* **Problem description**
What should you transcribe? Every line from the top of the records below through the line with "to the sled.", exactly, and no pictures.

Records excerpted from a collection
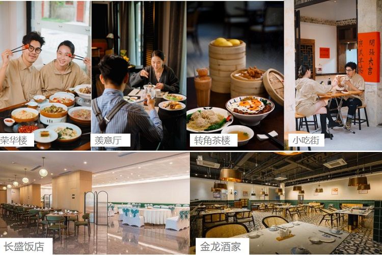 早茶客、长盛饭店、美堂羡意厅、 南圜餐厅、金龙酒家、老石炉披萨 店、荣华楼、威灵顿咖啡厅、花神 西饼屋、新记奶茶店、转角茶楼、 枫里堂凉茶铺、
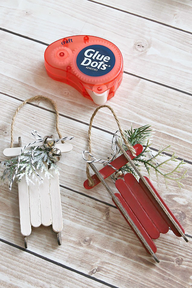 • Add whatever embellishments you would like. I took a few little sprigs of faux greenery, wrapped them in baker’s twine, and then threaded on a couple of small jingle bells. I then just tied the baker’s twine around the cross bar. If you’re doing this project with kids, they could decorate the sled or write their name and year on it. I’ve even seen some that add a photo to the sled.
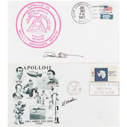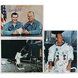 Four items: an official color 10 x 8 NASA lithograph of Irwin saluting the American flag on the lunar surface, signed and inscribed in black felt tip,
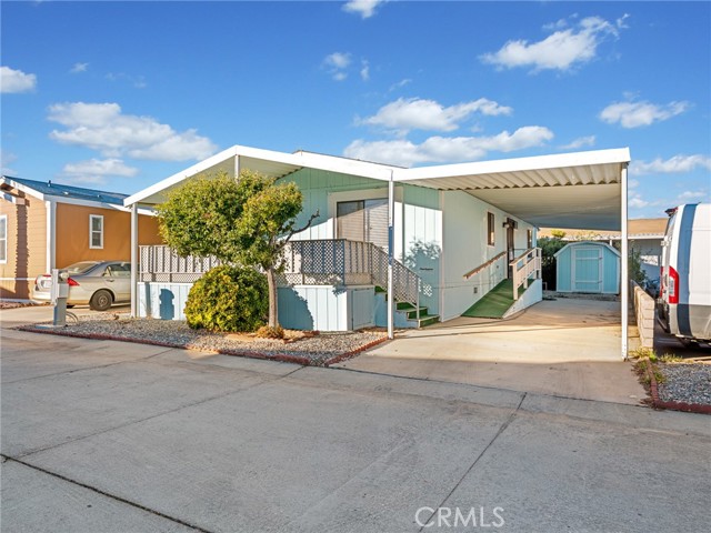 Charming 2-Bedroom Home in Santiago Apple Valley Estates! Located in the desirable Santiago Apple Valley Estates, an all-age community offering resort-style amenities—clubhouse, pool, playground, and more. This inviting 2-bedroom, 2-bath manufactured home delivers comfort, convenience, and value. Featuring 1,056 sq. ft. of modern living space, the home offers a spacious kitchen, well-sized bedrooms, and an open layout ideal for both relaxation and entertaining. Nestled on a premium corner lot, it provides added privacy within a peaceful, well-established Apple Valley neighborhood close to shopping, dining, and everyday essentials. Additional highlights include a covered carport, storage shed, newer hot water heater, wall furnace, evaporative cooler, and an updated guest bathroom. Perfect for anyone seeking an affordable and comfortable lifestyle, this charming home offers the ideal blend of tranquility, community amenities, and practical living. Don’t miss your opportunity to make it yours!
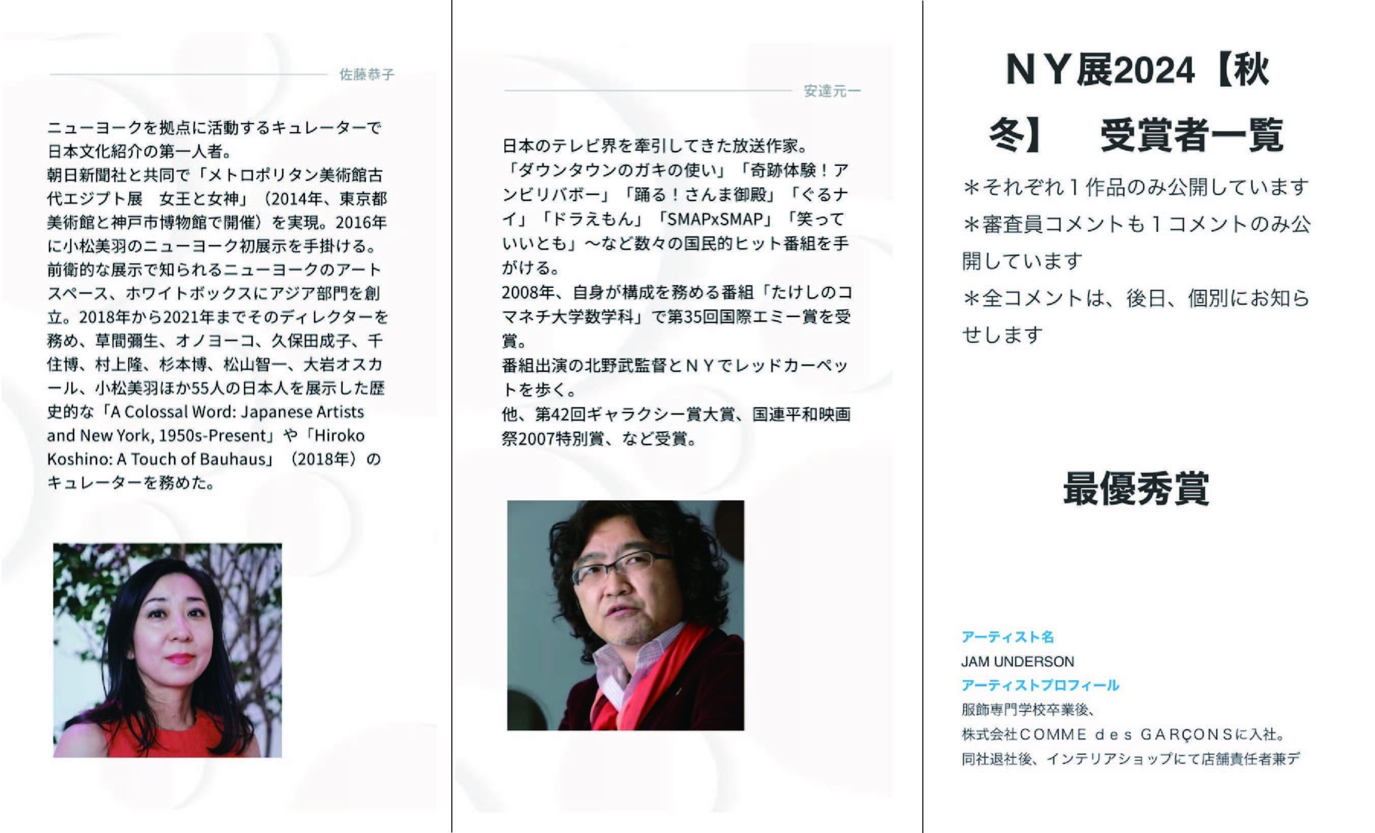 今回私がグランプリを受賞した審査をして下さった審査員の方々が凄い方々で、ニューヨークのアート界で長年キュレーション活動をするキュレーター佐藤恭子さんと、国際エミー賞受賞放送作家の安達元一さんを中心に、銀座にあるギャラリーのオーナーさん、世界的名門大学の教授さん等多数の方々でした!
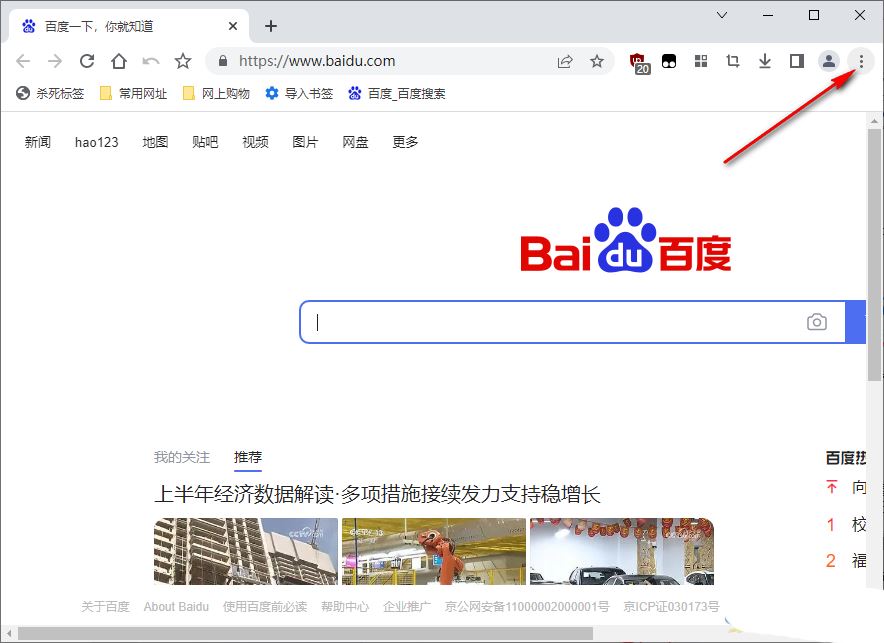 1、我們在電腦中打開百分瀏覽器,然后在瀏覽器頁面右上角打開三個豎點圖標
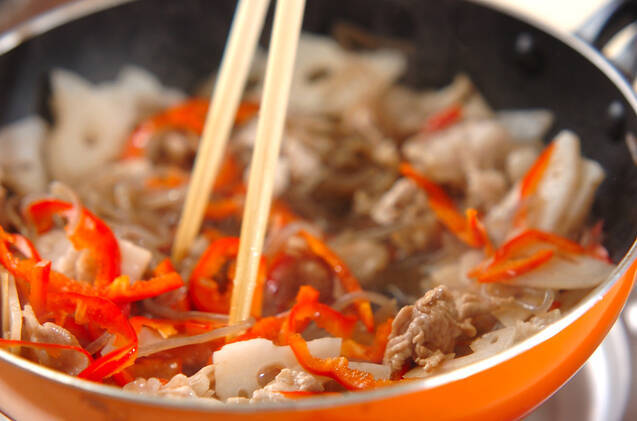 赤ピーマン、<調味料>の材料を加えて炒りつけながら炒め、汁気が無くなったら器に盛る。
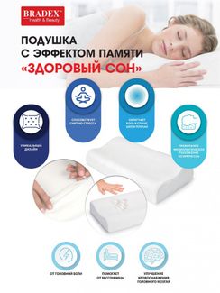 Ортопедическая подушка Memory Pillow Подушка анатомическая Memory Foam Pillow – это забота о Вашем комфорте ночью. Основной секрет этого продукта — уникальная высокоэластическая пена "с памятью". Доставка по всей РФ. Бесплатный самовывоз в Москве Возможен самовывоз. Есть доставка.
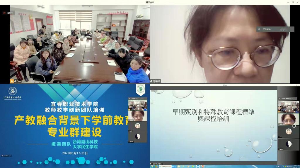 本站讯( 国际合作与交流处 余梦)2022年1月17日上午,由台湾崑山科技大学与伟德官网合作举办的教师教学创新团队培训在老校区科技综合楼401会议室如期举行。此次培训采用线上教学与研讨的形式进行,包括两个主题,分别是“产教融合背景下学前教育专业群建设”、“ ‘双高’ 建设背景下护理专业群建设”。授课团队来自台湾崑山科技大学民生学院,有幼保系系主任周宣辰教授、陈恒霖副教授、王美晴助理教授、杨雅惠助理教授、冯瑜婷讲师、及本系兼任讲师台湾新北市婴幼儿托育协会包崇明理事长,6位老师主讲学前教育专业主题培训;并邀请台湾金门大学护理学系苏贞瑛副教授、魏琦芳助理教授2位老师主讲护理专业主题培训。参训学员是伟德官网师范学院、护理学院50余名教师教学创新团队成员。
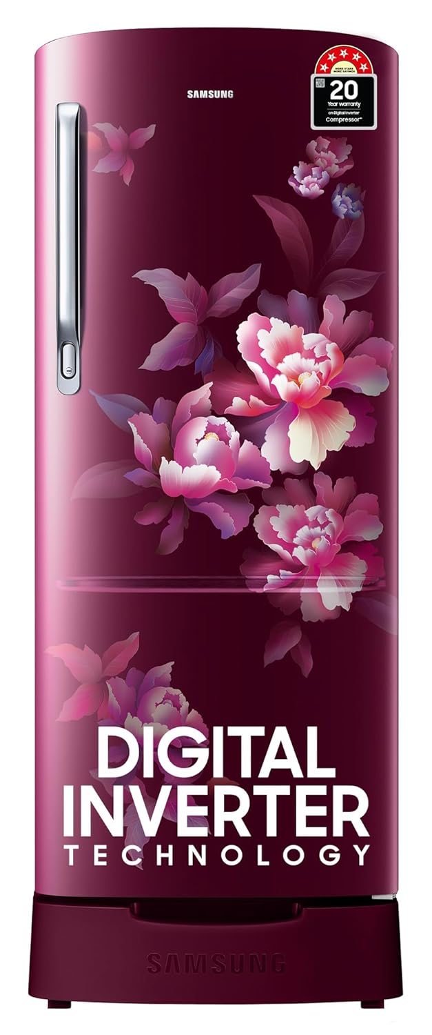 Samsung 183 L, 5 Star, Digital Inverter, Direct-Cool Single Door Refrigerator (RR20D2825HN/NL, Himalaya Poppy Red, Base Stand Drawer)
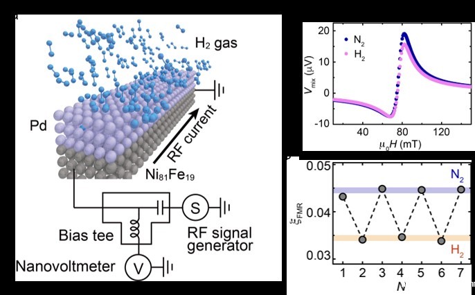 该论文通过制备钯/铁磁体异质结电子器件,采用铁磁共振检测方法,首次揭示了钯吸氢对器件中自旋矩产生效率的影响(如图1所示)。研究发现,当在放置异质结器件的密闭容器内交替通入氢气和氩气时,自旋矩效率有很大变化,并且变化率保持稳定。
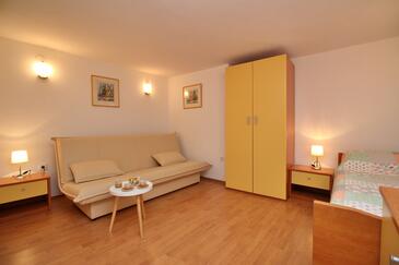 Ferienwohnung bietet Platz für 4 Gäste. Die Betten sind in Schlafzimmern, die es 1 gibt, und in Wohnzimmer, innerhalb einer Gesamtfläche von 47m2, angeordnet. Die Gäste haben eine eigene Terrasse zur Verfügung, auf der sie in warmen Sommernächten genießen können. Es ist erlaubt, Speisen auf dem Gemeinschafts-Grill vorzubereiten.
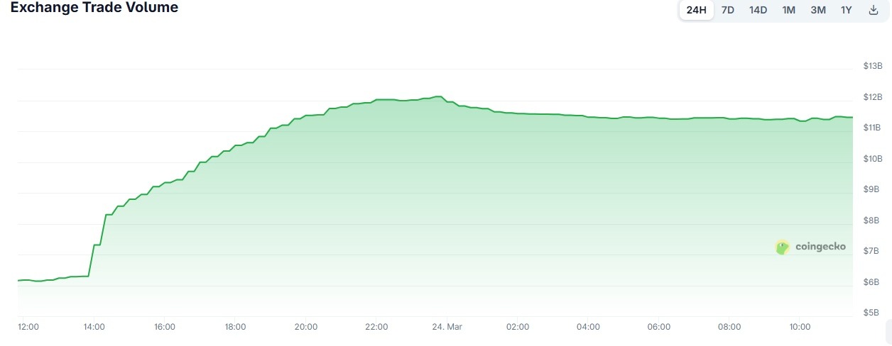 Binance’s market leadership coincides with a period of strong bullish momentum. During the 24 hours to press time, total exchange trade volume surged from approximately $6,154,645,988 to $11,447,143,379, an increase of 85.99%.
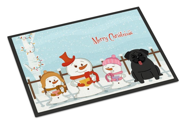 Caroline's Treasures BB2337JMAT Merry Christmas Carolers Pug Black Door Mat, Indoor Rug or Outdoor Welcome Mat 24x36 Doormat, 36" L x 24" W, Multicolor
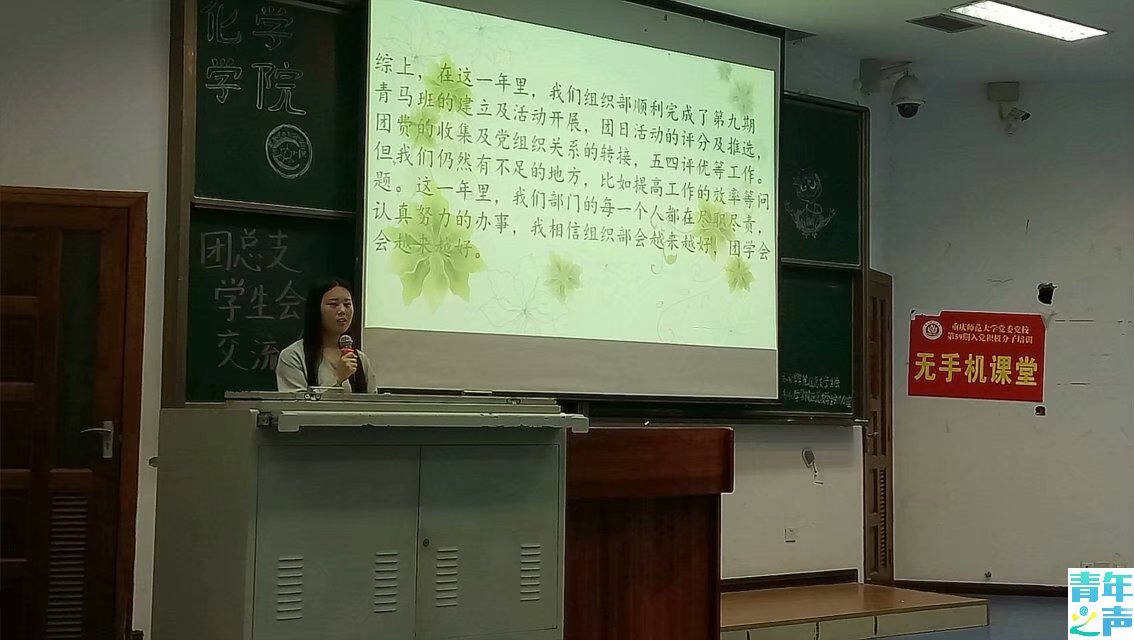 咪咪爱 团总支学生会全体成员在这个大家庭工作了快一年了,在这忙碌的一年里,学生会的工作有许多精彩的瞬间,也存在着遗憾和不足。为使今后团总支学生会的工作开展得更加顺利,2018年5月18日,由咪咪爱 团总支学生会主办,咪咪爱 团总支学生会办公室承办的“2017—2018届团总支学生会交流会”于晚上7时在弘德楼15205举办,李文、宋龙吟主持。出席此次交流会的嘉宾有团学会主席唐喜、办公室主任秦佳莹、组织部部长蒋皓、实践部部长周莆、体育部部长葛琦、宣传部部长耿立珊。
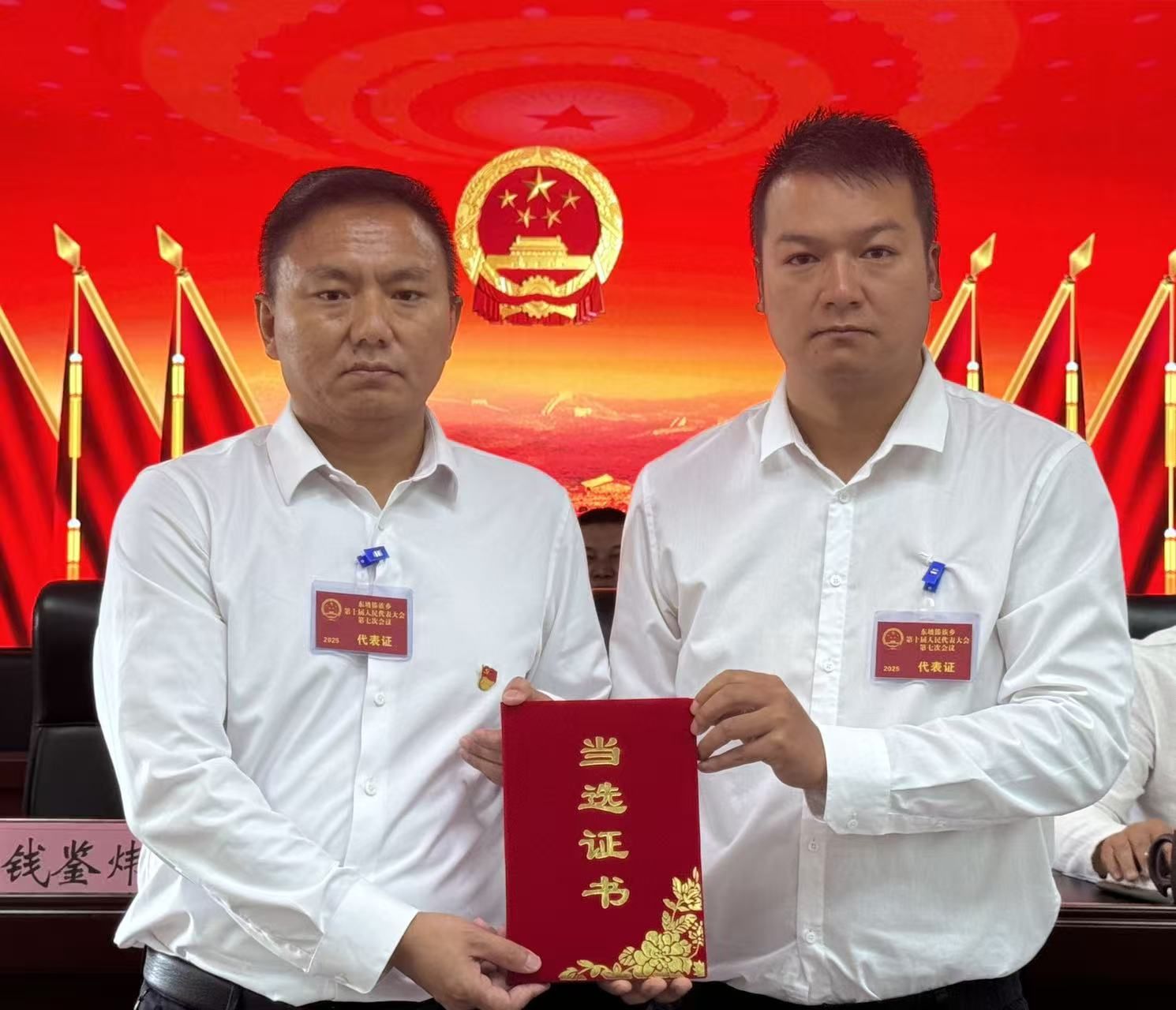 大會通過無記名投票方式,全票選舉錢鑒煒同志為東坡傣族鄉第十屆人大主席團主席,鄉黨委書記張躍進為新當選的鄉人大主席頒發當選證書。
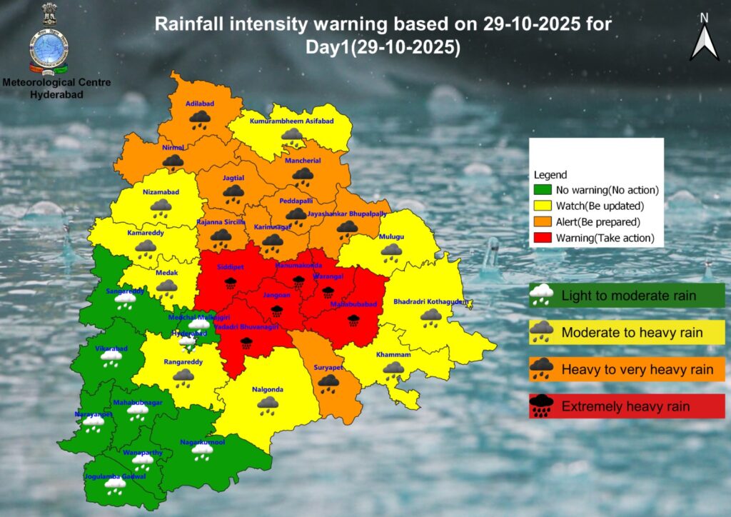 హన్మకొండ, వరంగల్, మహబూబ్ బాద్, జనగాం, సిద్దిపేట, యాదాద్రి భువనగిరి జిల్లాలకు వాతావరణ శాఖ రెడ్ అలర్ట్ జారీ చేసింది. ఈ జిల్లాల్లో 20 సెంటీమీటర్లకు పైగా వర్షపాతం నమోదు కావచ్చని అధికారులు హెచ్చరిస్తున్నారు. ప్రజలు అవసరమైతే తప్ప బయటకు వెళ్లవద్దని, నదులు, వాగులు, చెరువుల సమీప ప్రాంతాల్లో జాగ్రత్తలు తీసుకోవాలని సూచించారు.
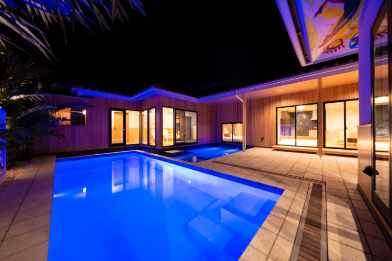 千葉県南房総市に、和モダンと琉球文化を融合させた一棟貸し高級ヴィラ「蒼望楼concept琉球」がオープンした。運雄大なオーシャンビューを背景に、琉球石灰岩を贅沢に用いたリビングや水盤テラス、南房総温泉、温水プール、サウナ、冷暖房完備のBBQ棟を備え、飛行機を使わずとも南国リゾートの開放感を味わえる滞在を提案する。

* **Answer to the problem**
 早茶客、长盛饭店、美堂羡意厅、 南圜餐厅、金龙酒家、老石炉披萨 店、荣华楼、威灵顿咖啡厅、花神 西饼屋、新记奶茶店、转角茶楼、 枫里堂凉茶铺、
 • Add whatever embellishments you would like. I took a few little sprigs of faux greenery, wrapped them in baker’s twine, and then threaded on a couple of small jingle bells. I then just tied the baker’s twine around the cross bar. If you’re doing this project with kids, they could decorate the sled or write their name and year on it. I’ve even seen some that add a photo to the sled.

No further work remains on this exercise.